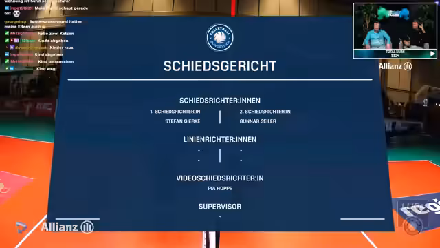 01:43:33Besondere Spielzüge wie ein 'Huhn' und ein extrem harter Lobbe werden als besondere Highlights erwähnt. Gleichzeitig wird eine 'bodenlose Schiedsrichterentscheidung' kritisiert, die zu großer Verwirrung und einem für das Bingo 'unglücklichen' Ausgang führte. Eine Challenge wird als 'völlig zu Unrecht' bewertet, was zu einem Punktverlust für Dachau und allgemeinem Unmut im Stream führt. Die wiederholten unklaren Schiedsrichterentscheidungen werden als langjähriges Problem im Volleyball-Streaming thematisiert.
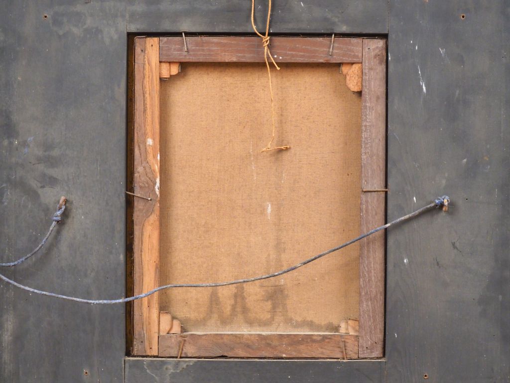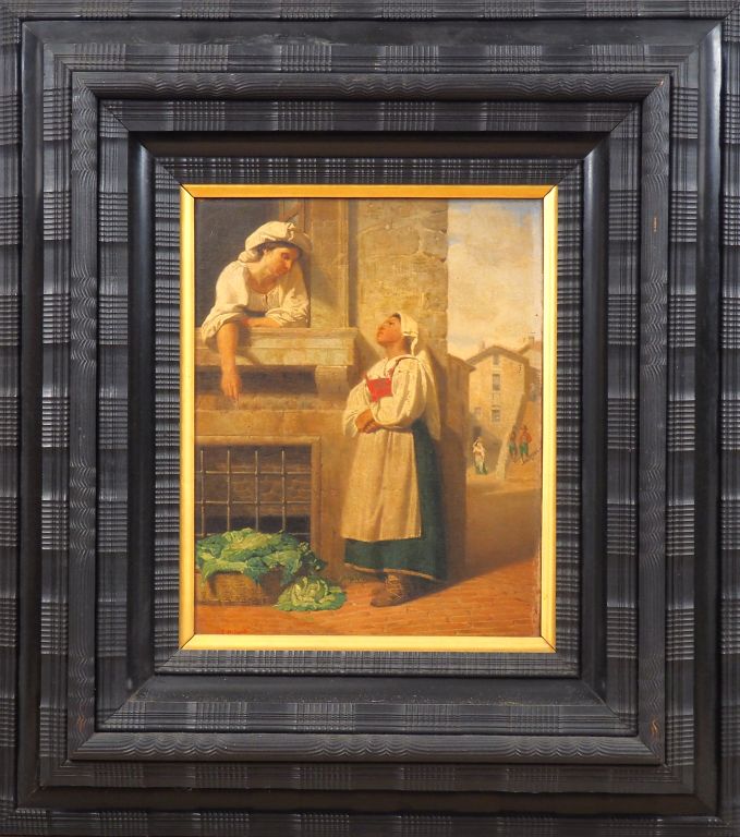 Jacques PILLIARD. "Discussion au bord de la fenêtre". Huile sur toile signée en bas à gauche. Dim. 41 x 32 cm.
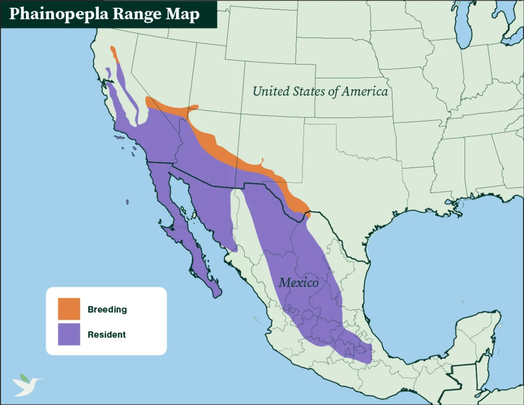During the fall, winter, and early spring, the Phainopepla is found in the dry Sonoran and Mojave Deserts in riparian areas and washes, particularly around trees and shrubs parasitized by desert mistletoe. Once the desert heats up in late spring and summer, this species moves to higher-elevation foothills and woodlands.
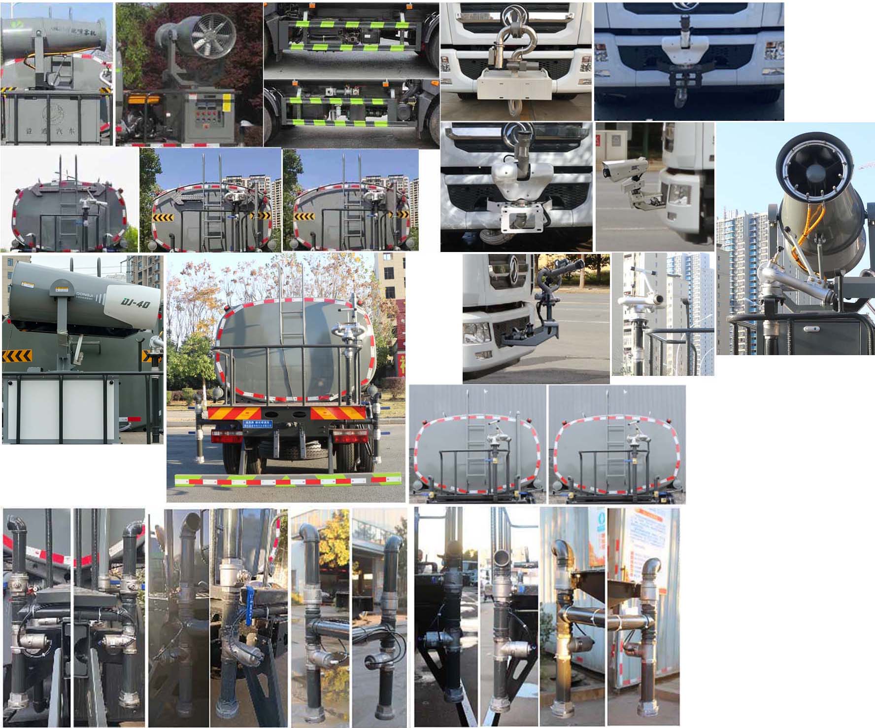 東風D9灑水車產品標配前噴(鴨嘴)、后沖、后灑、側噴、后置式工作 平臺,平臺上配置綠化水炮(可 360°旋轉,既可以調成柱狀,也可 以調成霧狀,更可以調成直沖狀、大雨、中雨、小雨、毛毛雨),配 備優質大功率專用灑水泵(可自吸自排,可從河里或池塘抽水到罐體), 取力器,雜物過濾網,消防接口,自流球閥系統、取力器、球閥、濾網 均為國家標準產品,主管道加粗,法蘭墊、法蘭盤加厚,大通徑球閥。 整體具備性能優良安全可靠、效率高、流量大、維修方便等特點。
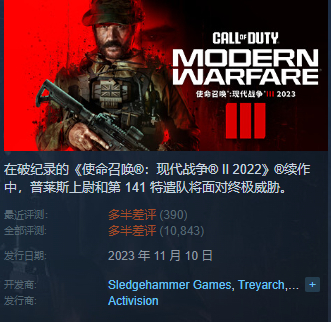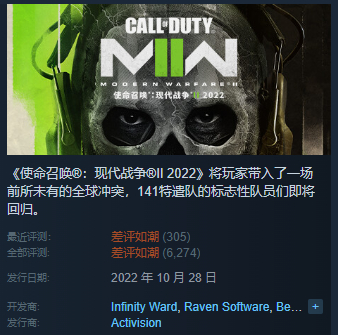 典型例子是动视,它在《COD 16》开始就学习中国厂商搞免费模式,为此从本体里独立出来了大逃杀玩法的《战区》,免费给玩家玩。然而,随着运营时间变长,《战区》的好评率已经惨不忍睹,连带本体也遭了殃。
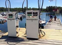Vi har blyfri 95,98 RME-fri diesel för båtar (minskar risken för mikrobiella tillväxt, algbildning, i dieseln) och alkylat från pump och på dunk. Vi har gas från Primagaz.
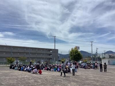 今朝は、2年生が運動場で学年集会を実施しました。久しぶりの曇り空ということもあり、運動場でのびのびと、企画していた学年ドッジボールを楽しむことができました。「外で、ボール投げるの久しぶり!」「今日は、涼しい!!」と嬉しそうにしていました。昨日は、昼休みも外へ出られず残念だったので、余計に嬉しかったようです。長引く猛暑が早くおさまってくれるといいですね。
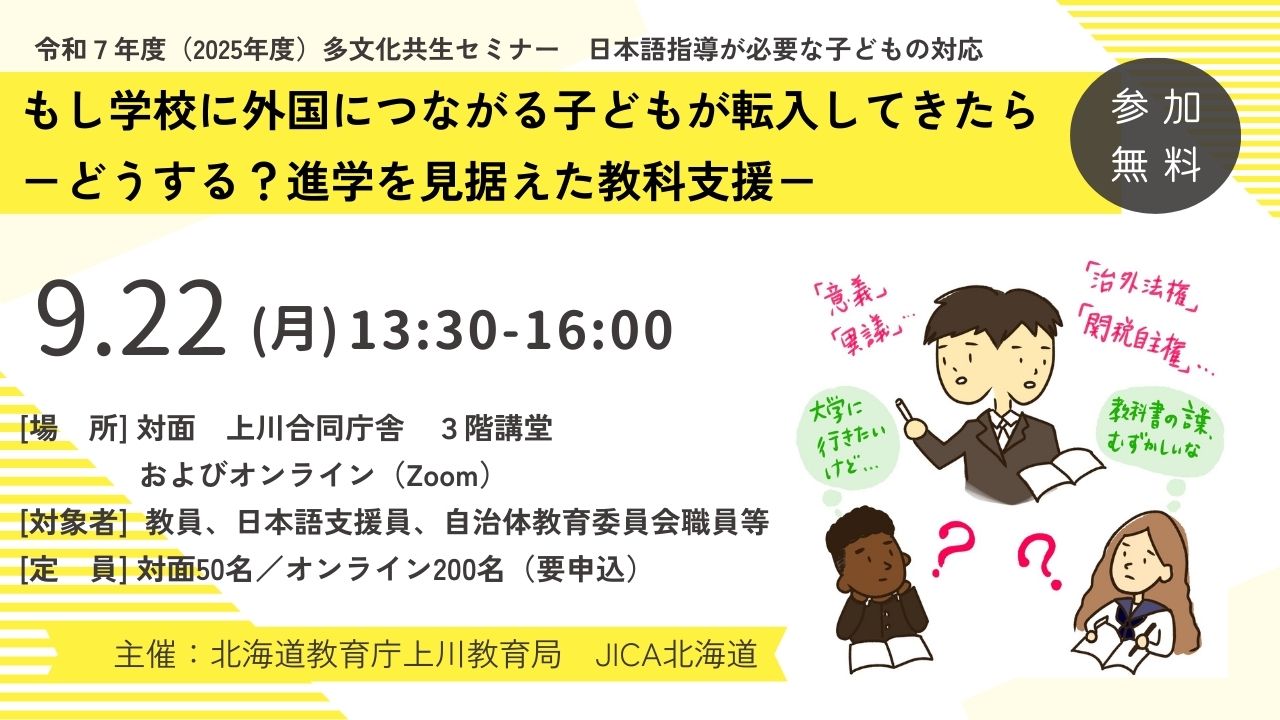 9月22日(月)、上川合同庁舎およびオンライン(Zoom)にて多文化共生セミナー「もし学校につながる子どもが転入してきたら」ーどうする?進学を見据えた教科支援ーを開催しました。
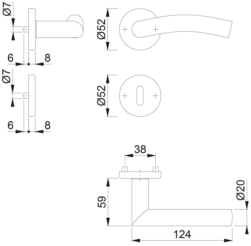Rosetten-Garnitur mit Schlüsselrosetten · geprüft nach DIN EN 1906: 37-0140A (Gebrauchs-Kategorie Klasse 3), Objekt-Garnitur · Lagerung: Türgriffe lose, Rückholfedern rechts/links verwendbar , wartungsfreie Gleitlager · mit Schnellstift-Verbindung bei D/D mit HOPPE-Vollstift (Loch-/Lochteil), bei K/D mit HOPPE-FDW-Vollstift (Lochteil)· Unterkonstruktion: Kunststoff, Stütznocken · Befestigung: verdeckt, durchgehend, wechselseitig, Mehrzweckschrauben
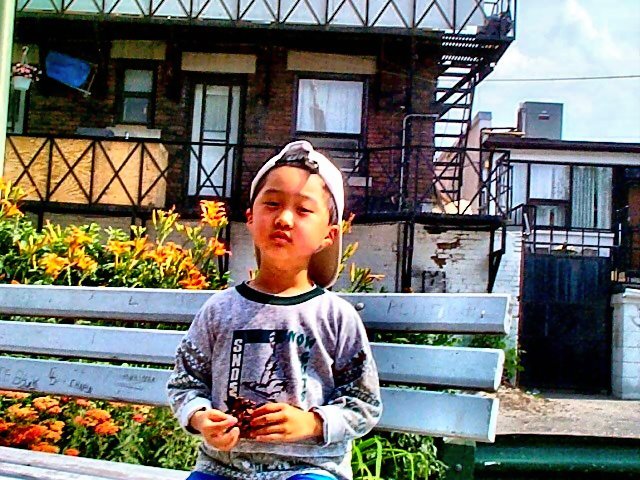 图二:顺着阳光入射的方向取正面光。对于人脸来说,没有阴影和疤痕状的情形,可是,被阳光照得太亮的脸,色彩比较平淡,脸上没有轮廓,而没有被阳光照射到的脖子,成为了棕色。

• • • • • • •

Only the listing above, set down exactly and without pictures, belongs in the answer.

### Result:
 01:43:33Besondere Spielzüge wie ein 'Huhn' und ein extrem harter Lobbe werden als besondere Highlights erwähnt. Gleichzeitig wird eine 'bodenlose Schiedsrichterentscheidung' kritisiert, die zu großer Verwirrung und einem für das Bingo 'unglücklichen' Ausgang führte. Eine Challenge wird als 'völlig zu Unrecht' bewertet, was zu einem Punktverlust für Dachau und allgemeinem Unmut im Stream führt. Die wiederholten unklaren Schiedsrichterentscheidungen werden als langjähriges Problem im Volleyball-Streaming thematisiert.
 Jacques PILLIARD. "Discussion au bord de la fenêtre". Huile sur toile signée en bas à gauche. Dim. 41 x 32 cm.
During the fall, winter, and early spring, the Phainopepla is found in the dry Sonoran and Mojave Deserts in riparian areas and washes, particularly around trees and shrubs parasitized by desert mistletoe. Once the desert heats up in late spring and summer, this species moves to higher-elevation foothills and woodlands.
 東風D9灑水車產品標配前噴(鴨嘴)、后沖、后灑、側噴、后置式工作 平臺,平臺上配置綠化水炮(可 360°旋轉,既可以調成柱狀,也可 以調成霧狀,更可以調成直沖狀、大雨、中雨、小雨、毛毛雨),配 備優質大功率專用灑水泵(可自吸自排,可從河里或池塘抽水到罐體), 取力器,雜物過濾網,消防接口,自流球閥系統、取力器、球閥、濾網 均為國家標準產品,主管道加粗,法蘭墊、法蘭盤加厚,大通徑球閥。 整體具備性能優良安全可靠、效率高、流量大、維修方便等特點。
 典型例子是动视,它在《COD 16》开始就学习中国厂商搞免费模式,为此从本体里独立出来了大逃杀玩法的《战区》,免费给玩家玩。然而,随着运营时间变长,《战区》的好评率已经惨不忍睹,连带本体也遭了殃。
Vi har blyfri 95,98 RME-fri diesel för båtar (minskar risken för mikrobiella tillväxt, algbildning, i dieseln) och alkylat från pump och på dunk. Vi har gas från Primagaz.
 今朝は、2年生が運動場で学年集会を実施しました。久しぶりの曇り空ということもあり、運動場でのびのびと、企画していた学年ドッジボールを楽しむことができました。「外で、ボール投げるの久しぶり!」「今日は、涼しい!!」と嬉しそうにしていました。昨日は、昼休みも外へ出られず残念だったので、余計に嬉しかったようです。長引く猛暑が早くおさまってくれるといいですね。
 9月22日(月)、上川合同庁舎およびオンライン(Zoom)にて多文化共生セミナー「もし学校につながる子どもが転入してきたら」ーどうする?進学を見据えた教科支援ーを開催しました。
Rosetten-Garnitur mit Schlüsselrosetten · geprüft nach DIN EN 1906: 37-0140A (Gebrauchs-Kategorie Klasse 3), Objekt-Garnitur · Lagerung: Türgriffe lose, Rückholfedern rechts/links verwendbar , wartungsfreie Gleitlager · mit Schnellstift-Verbindung bei D/D mit HOPPE-Vollstift (Loch-/Lochteil), bei K/D mit HOPPE-FDW-Vollstift (Lochteil)· Unterkonstruktion: Kunststoff, Stütznocken · Befestigung: verdeckt, durchgehend, wechselseitig, Mehrzweckschrauben
 图二:顺着阳光入射的方向取正面光。对于人脸来说,没有阴影和疤痕状的情形,可是,被阳光照得太亮的脸,色彩比较平淡,脸上没有轮廓,而没有被阳光照射到的脖子,成为了棕色。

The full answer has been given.